Black Hammer, la nouvelle série de Jeff Lemire et Dean Ormston chez Dark Horse, met en position d’échec certaines grandes figures du super-héroïsme. Les plus grands aventuriers de Spiral City ont sauvé le monde, oui, mais depuis se retrouvent piégés dans une sorte de cliché de l’Amérique, une petite bourgade où ils sont privés de l’essentiel de leurs pouvoirs. Et certains ont plus de raisons de se plaindre que d’autres.
Scénario de Jeff Lemire
Dessins de Dean Ormston
Parution aux USA le mercredi 17 août 2016
Le parcours du scénariste Jeff Lemire touche aussi bien les séries les plus décalées, conceptuelles, ce qu’on a l’habitude de qualifier « d’indé » que le mainstream. Ainsi, chez DC, on a pu le voir œuvrer aussi bien chez Vertigo que sur la Justice League United et le voici maintenant sur les titres mutants chez Marvel. Pour autant il continue d’animer un certain nombre de séries plus personnelles, chez Image ou Dark Horse et Black Hammer est sans doute le titre qui se place le mieux à la croisée des chemins. En posant une atmosphère (un collectif d’anciens super-héros se retrouve piégé dans une ville, un peu comme si l’on enfermait la Justice League à Smallville) et en privant ses protagonistes d’une grande partie de leurs pouvoirs, Lemire installe un cadre propice à une forme de déconstruction. Coincés, prisonniers, impuissants, ces archétypes connus (qui visent sans se cacher des modèles comme le Martian Manhunter, Mary Marvel, Adam Strange et d’autres) sont obligés d’exister par leur caractère. Si le vétéran Abraham Slam accepte avec philosophie son sort, ce n’est pas le cas de la jeune Gail, et on comprend à le pourquoi du comment dans ce deuxième numéro. Au passage, Lemire semble presque dire « voilà ce que j’aurais pu faire avec certains héros DC si l’on m’avait laissé faire » et, dans le cas présent, on pourrait croire qu’il est en train de passer un casting (avec brio) pour reprendre l’écriture de Captain Marvel/Shazam. Lemire et Ormston jouent sur trois tableaux : l’ancien (les origines dont les personnages se souviennent avec mélancolie, parfois par ellipse), le sort de Spiral City (évoqué en fin du numéro précédent) et puis enfin et surtout ce sentiment d’être des naufragés dans « l’americana » intemporelle, des personnages vintages prisonniers d’un écrin figé dans le temps.

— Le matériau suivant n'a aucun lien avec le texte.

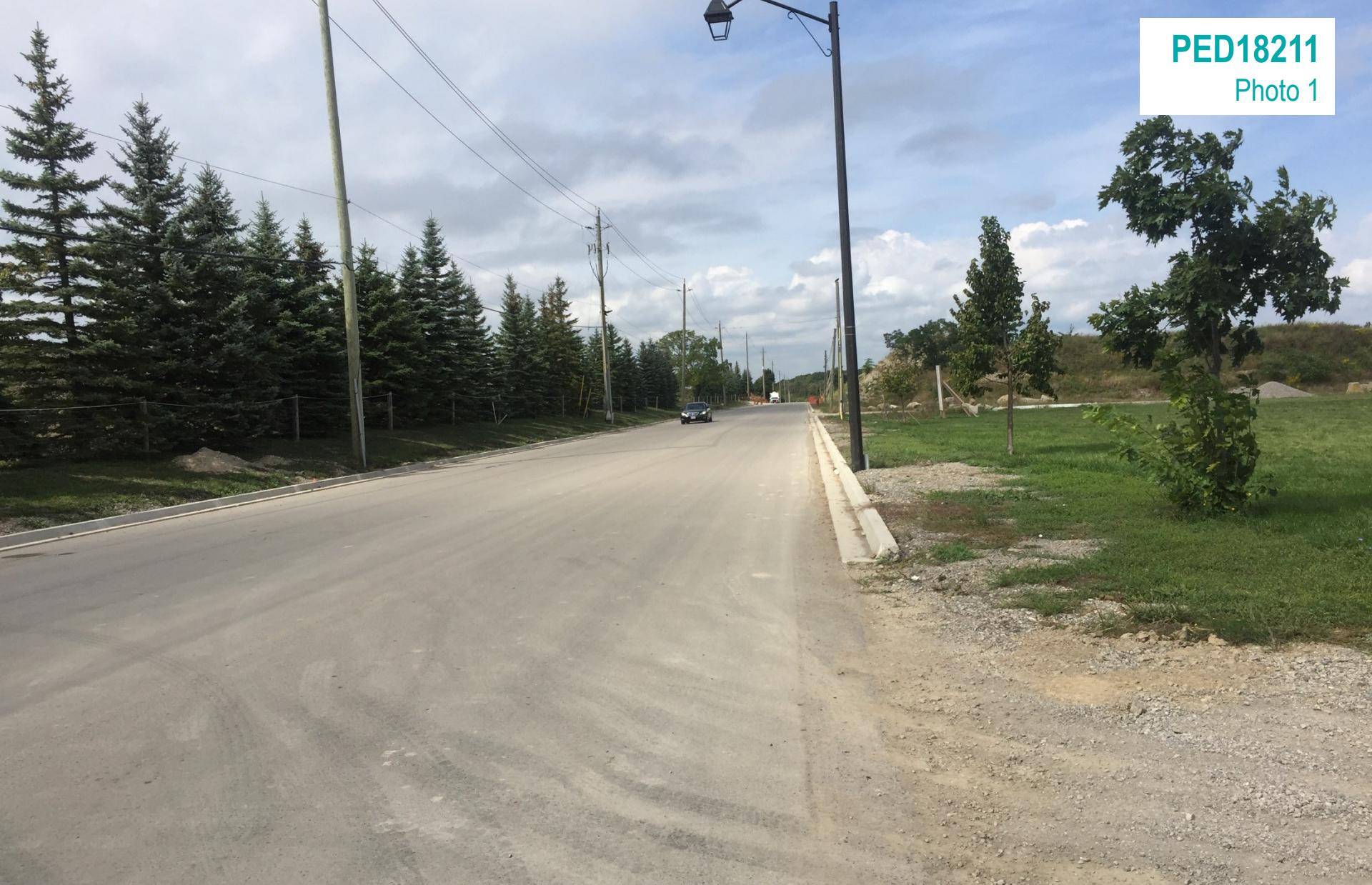
Looking west along Green Mountain Road West
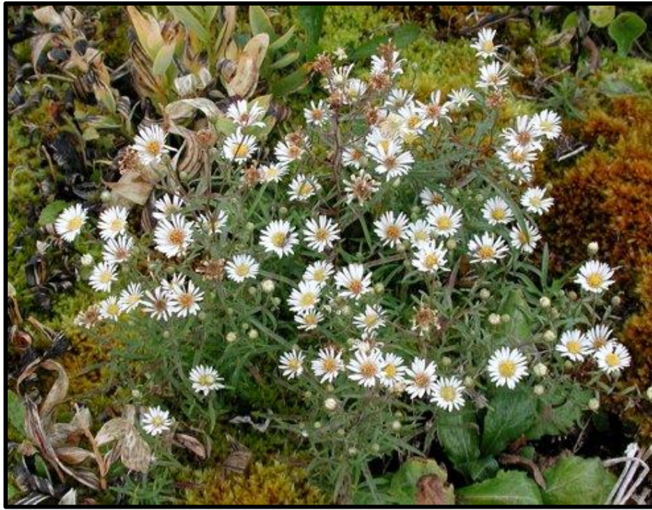
Photo 2: Nahanni Aster plant- Note the multiple stems from a single plant and multiple flower heads per stem. Shown in typical location on Sphagnum Moss.

Current Range: The Nahanni Aster is only known from Hot springs within Nahanni National Park.
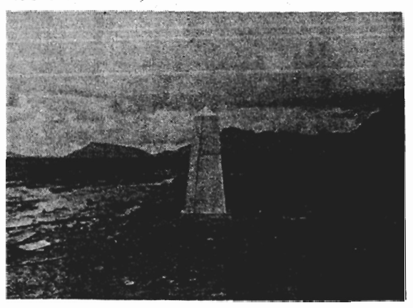
Figure 1.--Monument No. 98 on Mexican border. Located on west bank of San Pedro River. Photo taken 1892. Drainage virtually devoid of any riparian growth. San Pedro River was perennial stream with fish, frogs and turtles.

On the Coronado National Forest, approximimately 20% of the grazing allotments have significant riparian zones. Southern Arizona perhaps is unique in that we probably have more riparian zones today than there were 100 years ago. The increase has been due to overgrazing during the 1890's and early 1900's.
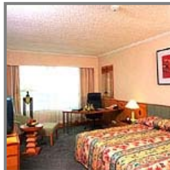
The Melia, Hanoi
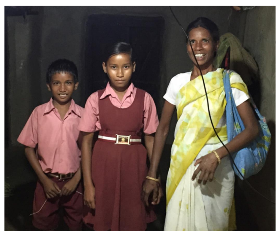
Reliable lighting is provided for a household in Jharkhand, India through solar mini-grid power

Solution: To qualify as a private provider, Mlinda has sought only private funding.<sup>40</sup> Therefore, it can charge a tariff above the India national grid prices.<sup>41</sup> The current daytime tariff is around ₹22 ($0.32)/kWh, and the nighttime tariff is around ₹44 ($0.64)/kWh.<sup>42</sup> The price disparity between day and
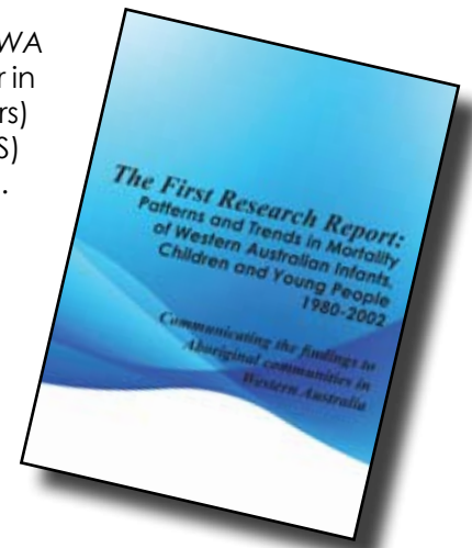
Above: The folder of fact sheets

A Second Research Report is planned for release in the second half of 2009. Currently, the review and classification of the deaths that have occurred between the years 2002 and 2006 are being finalised. The Second Research Report will extend the data reported in The First Research Report and build on the work that has been accomplished through The First Research Report .
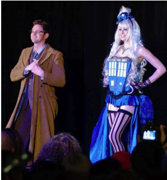
Above: A Tardis dress had some very sexy moves. Below: Female Sixth Doctor with a rainbow umbrella.
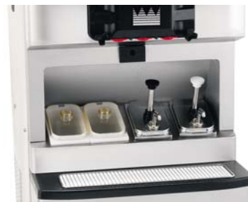
Integrated Syrup Rail Option - 2 room temperature with lids & ladles, 2 heated with syrup pumps

During long no-use periods, the standby feature maintains safe product temperatures in the mix hopper and freezing cylinder.
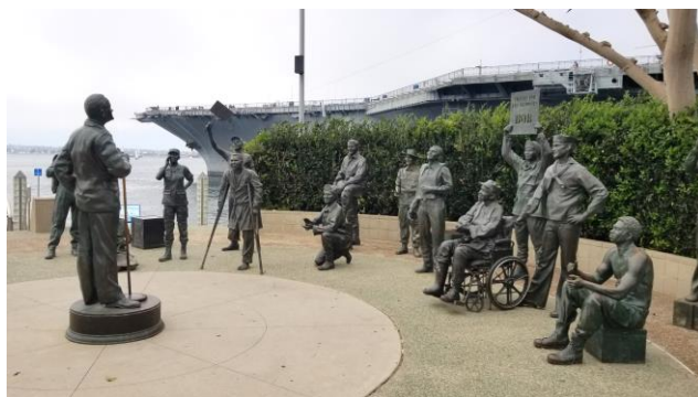
National Salute to Bob Hope and the Military.
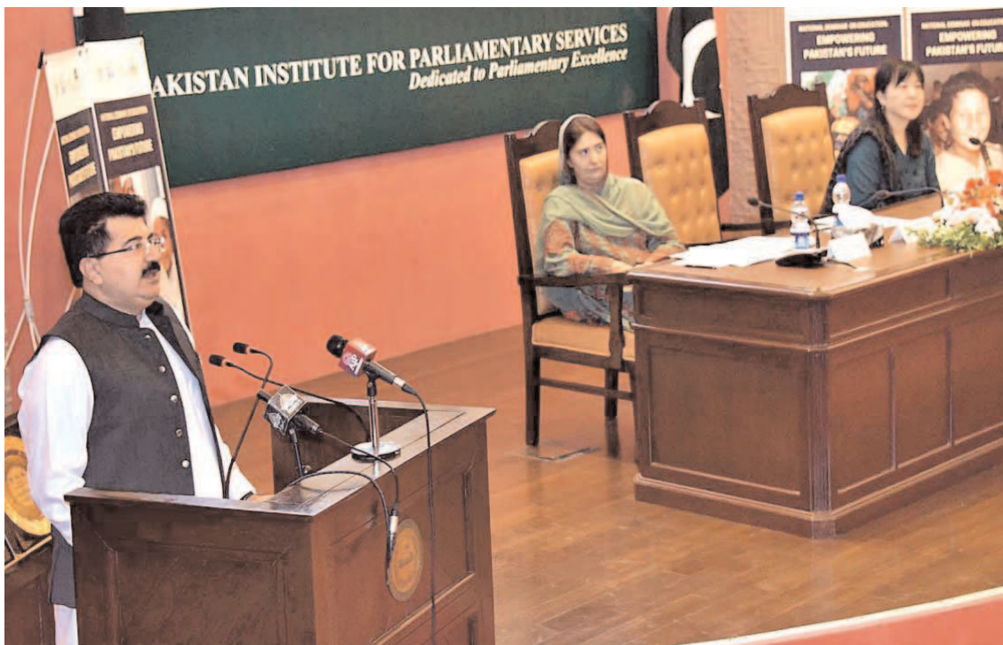
ISLAMABAD: Chairman Senate, Muhammad Sadiq Sanjrani addressing the national seminar on education jointly organized by Education Parliamentarians' Caucus (EPC) Senate of Pakistan and Japan International Cooperation Agency (JICA) at Pakistan Institute for Parliamentary Services (PIPS).

ISLAMABAD (APP): Islamabad police conducted an operation within the jurisdiction of the Phulgran police station and arrested 13 accused including five drug peddlers and recovered a huge quantity of drugs and weapons with ammunition from their possession. Following the special directives of Islamabad Capital City Police Officer (ICCP) Dr. Akbar Nasir Khan, the crackdown on drug peddlers and liquor sellers aims to create a drug-free environment in the city and to safeguard the future of the young generation. During the operation, numerous suspicious vehicles and individuals were thoroughly inspected, leading to the identification of several key individuals involved in drug supply. During the search operation, police teams arrested 13 accused including five drug peddlers, and recovered a huge quantity of drugs and weapons with ammunition from their possession.
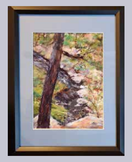
Recent Workshop Pastel
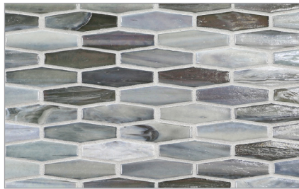
Martini ( \frac{5}{8} x 2) (15 mm x 50 mm)

« Robo-King is the pinnacle of my undead genius ! »
A partir de là, les héros sont-ils piégés dans le monde réel ? Dans le passé ? Dans une simulation ? Dans une terre alternative ? Une sorte de Dome façon Stephen King ? C’est une donnée que les auteurs se gardent de côté pour l’instant, préférant se concentrer sur le spleen des personnages. Dans Black Hammer, il y a un peu de Grant Morrison et d’Alan Moore. On pense en particulier à ce dernier car la situation de Gail évoque un peu les idées que Moore avait pour le crossover avorté Twilight. Il y a aussi comme une pincée de Supreme. Pour le coup cette héritière de Mary Marvel est sans doute la plus mise à l’épreuve dans ce monde de poche. Encore que la question du sort du héros Black Hammer, qui donne son nom à la série, reste encore un peu floue. Avec un graphisme bien typé et des couleurs (de Dave Stewart) qui font ressortir le sentiment rétro, Lemire et Ormston puisent ainsi dans les racines du genre, à la source des origines, pour mieux les mettre en opposition avec ce paradis-prison où une petite fille n’est pas du tout ce qu’elle parait être. On se laisse alors guider par les auteurs à travers un exercice de style en attendant de prendre la pleine mesure de ce qui se passe mais ces deux premiers épisodes sont diablement prenants.